■ EXERCISE INSTRUCTIONS
Please repeat, exactly and without pictures, the lines of the entries below that run from the one containing "wysokość podczas drukowania" through the one containing "N10 Tablets is".

== TASK DATA ==

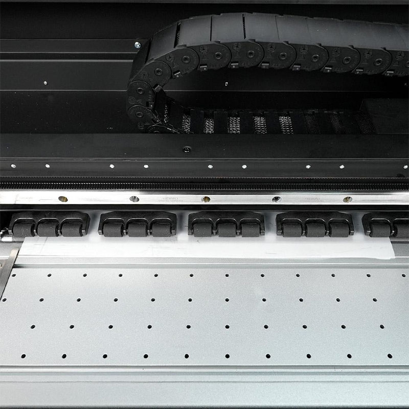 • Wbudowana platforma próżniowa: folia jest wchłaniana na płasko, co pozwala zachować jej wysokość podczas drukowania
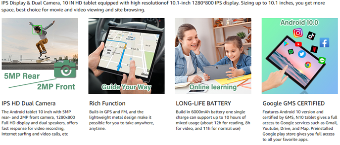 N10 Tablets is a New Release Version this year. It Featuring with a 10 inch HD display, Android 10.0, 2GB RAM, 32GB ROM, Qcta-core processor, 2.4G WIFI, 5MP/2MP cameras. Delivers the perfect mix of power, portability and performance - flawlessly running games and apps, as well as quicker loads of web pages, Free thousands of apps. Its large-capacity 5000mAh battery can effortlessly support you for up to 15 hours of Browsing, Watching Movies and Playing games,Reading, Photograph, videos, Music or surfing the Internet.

===
== TASK DATA ==

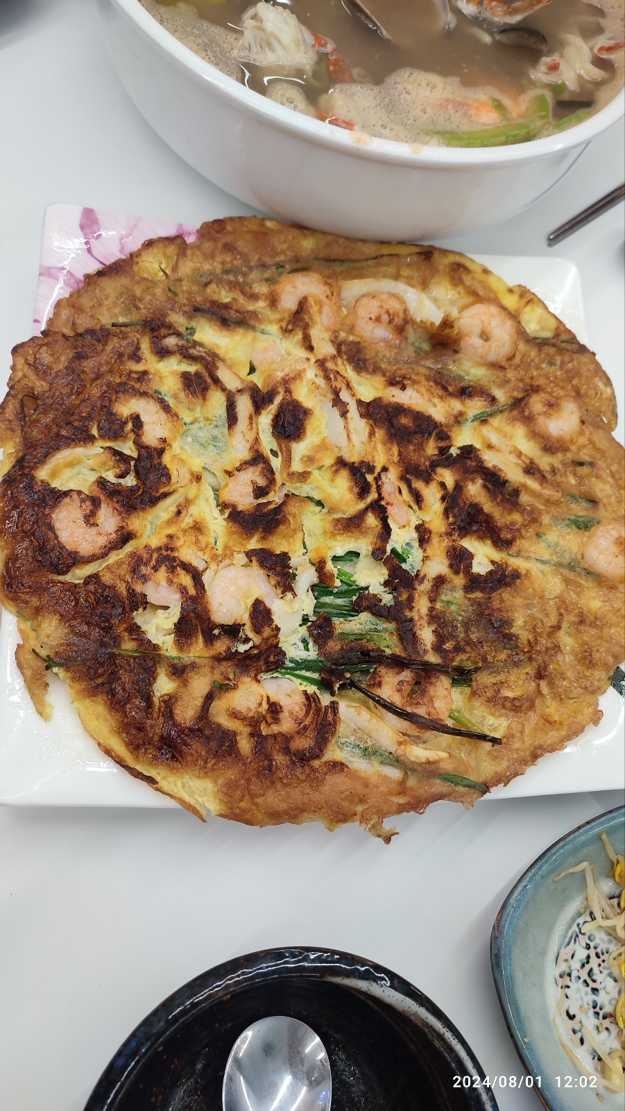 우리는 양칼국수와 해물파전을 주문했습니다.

===

■ SOLUTION TO THE EXERCISE
 • Wbudowana platforma próżniowa: folia jest wchłaniana na płasko, co pozwala zachować jej wysokość podczas drukowania
 N10 Tablets is a New Release Version this year. It Featuring with a 10 inch HD display, Android 10.0, 2GB RAM, 32GB ROM, Qcta-core processor, 2.4G WIFI, 5MP/2MP cameras. Delivers the perfect mix of power, portability and performance - flawlessly running games and apps, as well as quicker loads of web pages, Free thousands of apps. Its large-capacity 5000mAh battery can effortlessly support you for up to 15 hours of Browsing, Watching Movies and Playing games,Reading, Photograph, videos, Music or surfing the Internet.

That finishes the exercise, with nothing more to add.